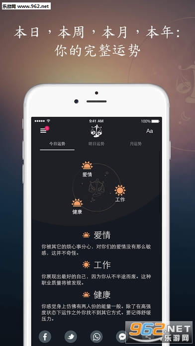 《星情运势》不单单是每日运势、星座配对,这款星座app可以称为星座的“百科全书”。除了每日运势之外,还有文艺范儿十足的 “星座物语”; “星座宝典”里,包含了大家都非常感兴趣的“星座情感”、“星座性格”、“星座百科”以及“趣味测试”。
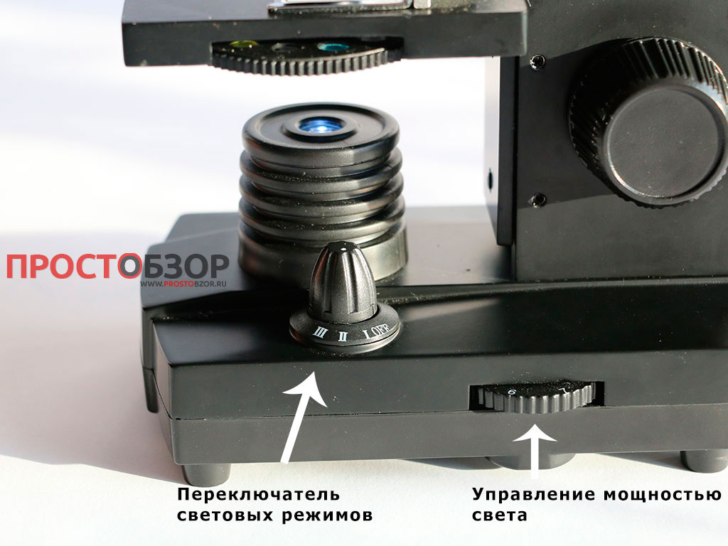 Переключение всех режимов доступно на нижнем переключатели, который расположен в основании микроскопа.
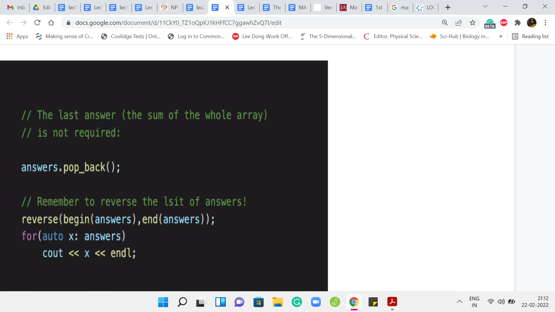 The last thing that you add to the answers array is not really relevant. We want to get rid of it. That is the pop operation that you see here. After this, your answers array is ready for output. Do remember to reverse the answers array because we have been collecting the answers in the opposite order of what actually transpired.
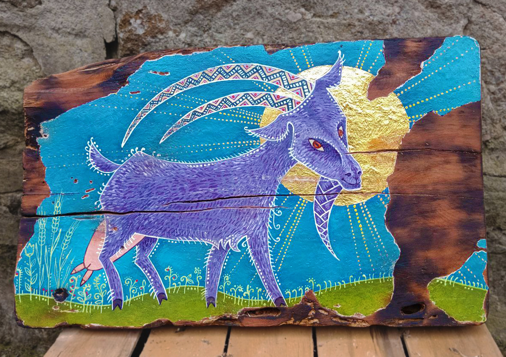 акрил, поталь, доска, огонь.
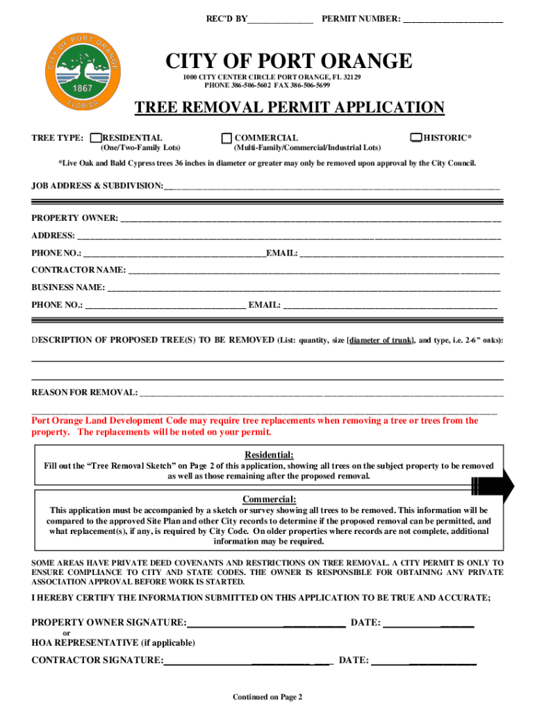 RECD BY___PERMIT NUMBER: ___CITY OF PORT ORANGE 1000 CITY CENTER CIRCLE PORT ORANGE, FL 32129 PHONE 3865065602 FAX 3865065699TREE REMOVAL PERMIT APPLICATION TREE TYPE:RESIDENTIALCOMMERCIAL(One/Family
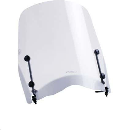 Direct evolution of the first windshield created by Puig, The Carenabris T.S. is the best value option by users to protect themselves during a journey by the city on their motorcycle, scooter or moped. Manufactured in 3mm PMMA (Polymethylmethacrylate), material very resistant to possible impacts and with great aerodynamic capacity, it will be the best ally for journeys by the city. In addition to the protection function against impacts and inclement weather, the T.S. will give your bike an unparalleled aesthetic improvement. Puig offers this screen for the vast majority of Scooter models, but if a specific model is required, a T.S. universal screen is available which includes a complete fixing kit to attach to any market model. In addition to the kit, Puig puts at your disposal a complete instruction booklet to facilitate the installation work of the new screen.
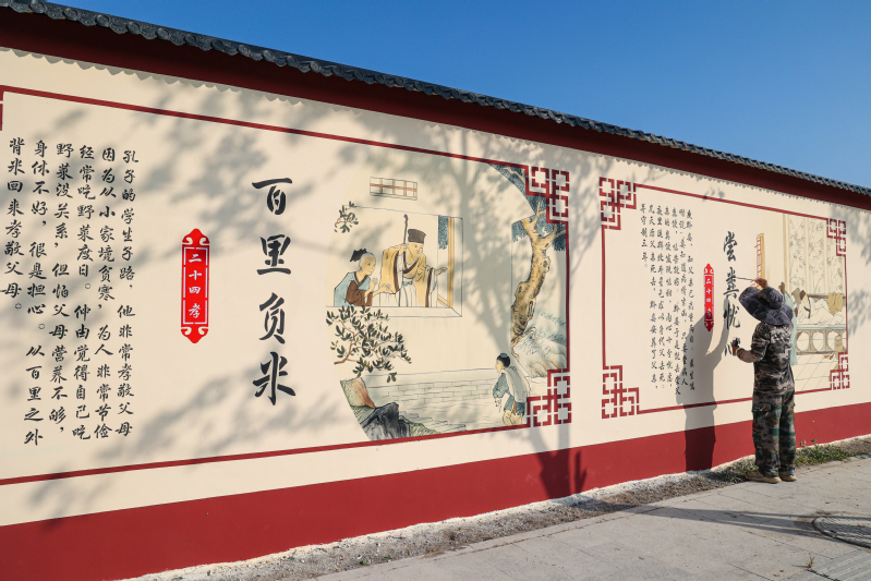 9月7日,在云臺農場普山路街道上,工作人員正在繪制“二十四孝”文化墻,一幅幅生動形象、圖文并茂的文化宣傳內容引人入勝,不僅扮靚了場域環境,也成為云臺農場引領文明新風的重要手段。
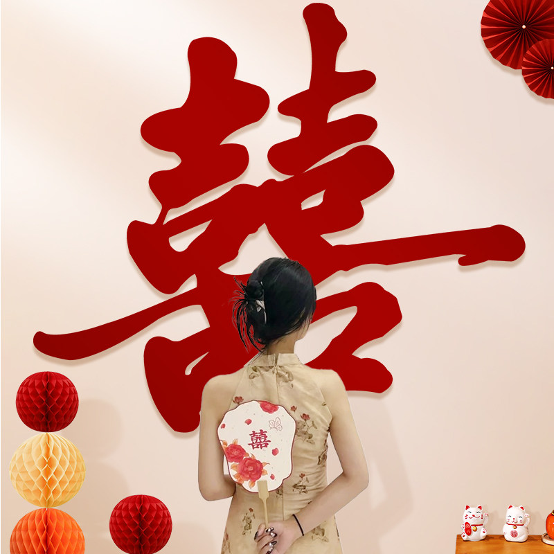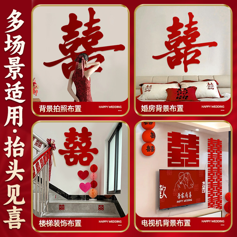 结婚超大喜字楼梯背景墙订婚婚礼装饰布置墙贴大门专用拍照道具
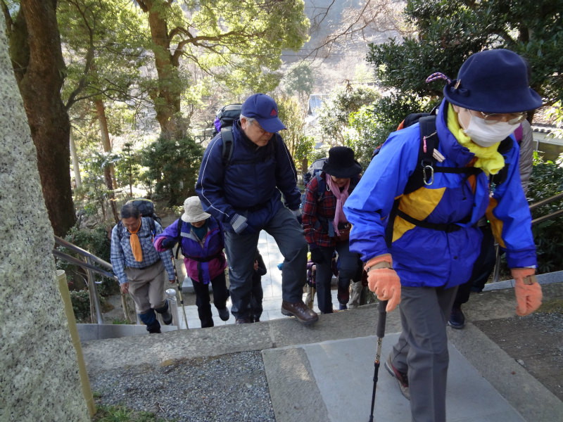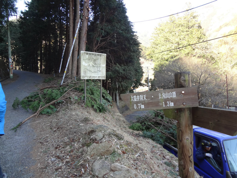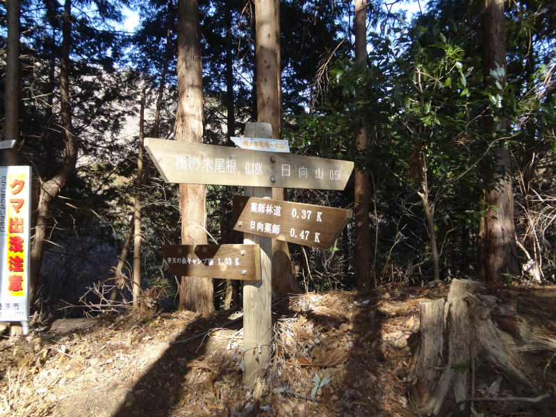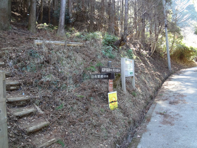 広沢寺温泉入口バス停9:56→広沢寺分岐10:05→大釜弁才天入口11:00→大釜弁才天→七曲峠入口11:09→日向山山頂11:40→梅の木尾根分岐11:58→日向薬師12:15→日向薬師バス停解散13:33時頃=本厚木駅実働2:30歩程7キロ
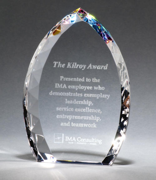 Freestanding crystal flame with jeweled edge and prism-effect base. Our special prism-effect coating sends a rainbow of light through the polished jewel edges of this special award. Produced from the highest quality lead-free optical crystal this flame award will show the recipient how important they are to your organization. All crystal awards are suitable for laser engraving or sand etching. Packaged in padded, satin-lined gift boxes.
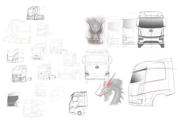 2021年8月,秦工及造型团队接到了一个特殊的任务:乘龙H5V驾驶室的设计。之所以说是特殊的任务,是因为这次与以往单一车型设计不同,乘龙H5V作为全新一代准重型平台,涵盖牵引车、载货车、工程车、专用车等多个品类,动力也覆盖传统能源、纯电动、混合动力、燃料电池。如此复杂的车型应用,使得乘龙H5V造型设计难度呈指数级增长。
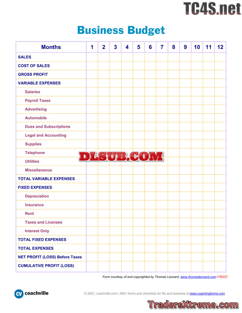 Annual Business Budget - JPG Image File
--
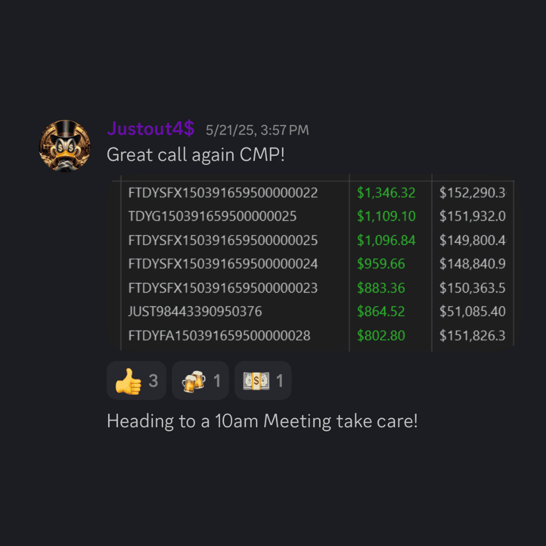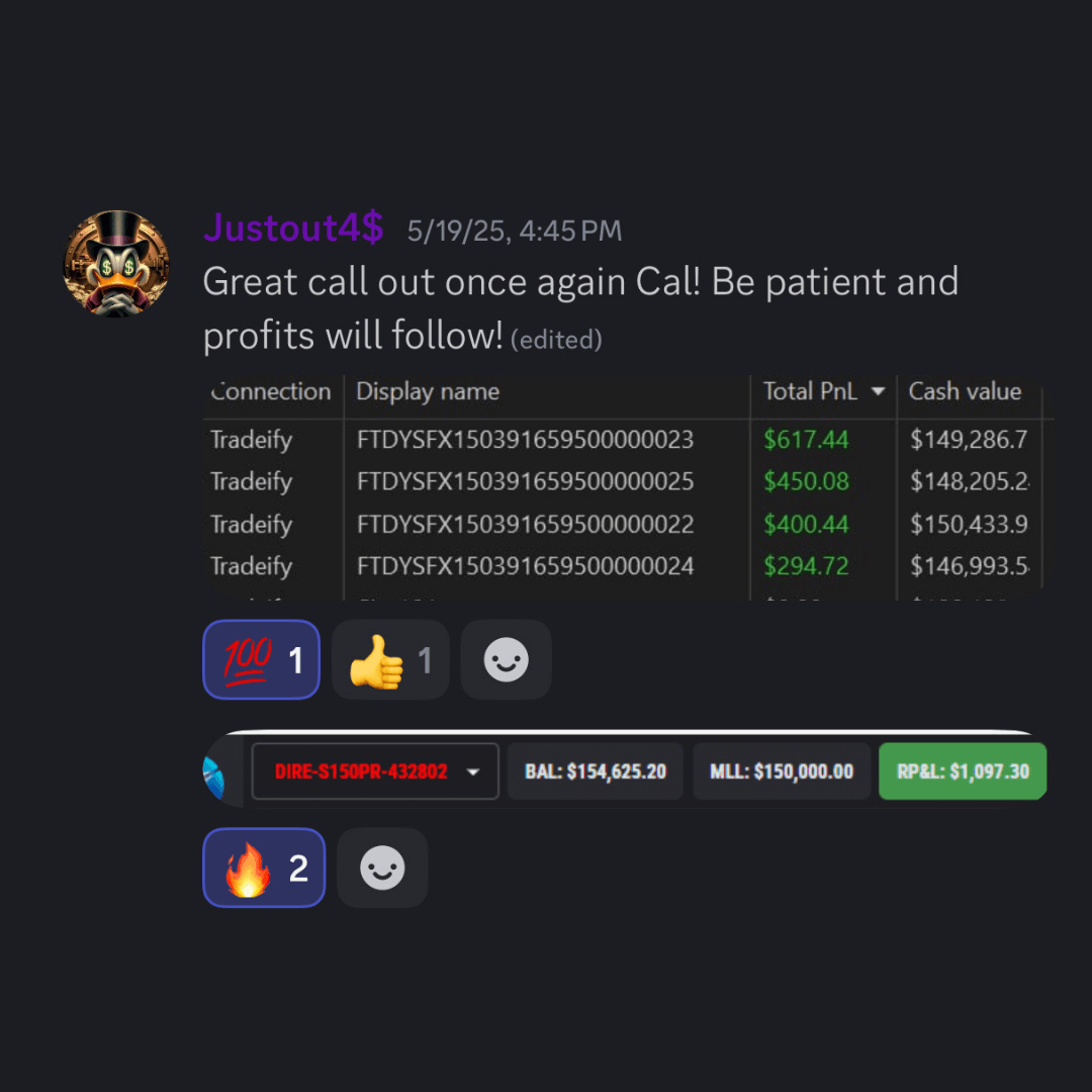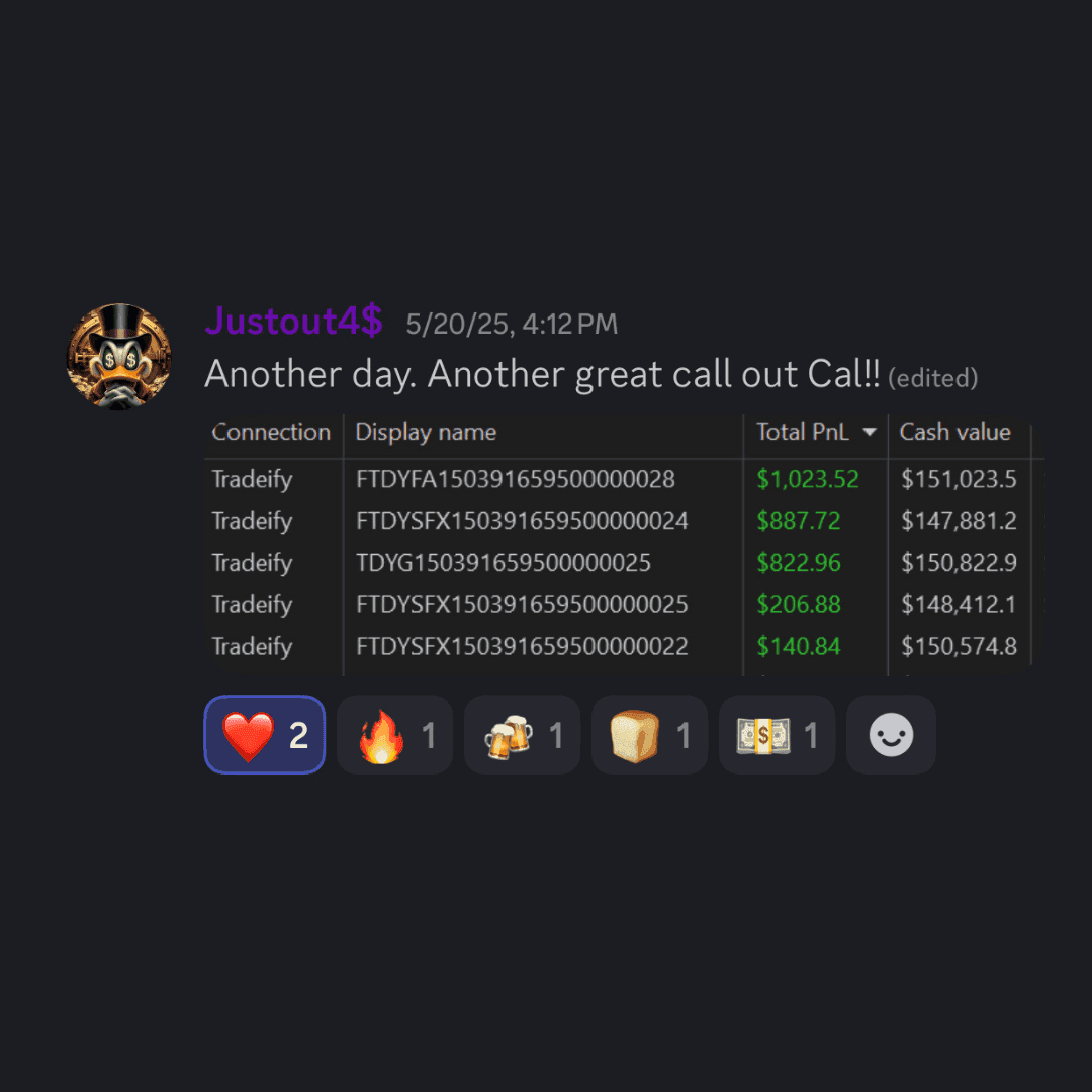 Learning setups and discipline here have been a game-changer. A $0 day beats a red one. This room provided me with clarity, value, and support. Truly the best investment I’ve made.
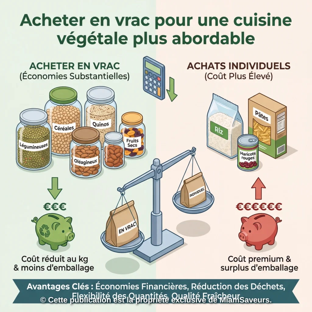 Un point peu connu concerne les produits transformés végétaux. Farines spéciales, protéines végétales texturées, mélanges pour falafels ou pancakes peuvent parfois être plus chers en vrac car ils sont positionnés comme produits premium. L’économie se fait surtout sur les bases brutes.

What you will do — No picture is to be printed. Output exactly the lines above from the line containing "акрил, поталь, доска, огонь." through the line containing "RECD BY___PERMIT NUMBER: ___CITY".

Exercise answer —
 акрил, поталь, доска, огонь.
 RECD BY___PERMIT NUMBER: ___CITY OF PORT ORANGE 1000 CITY CENTER CIRCLE PORT ORANGE, FL 32129 PHONE 3865065602 FAX 3865065699TREE REMOVAL PERMIT APPLICATION TREE TYPE:RESIDENTIALCOMMERCIAL(One/Family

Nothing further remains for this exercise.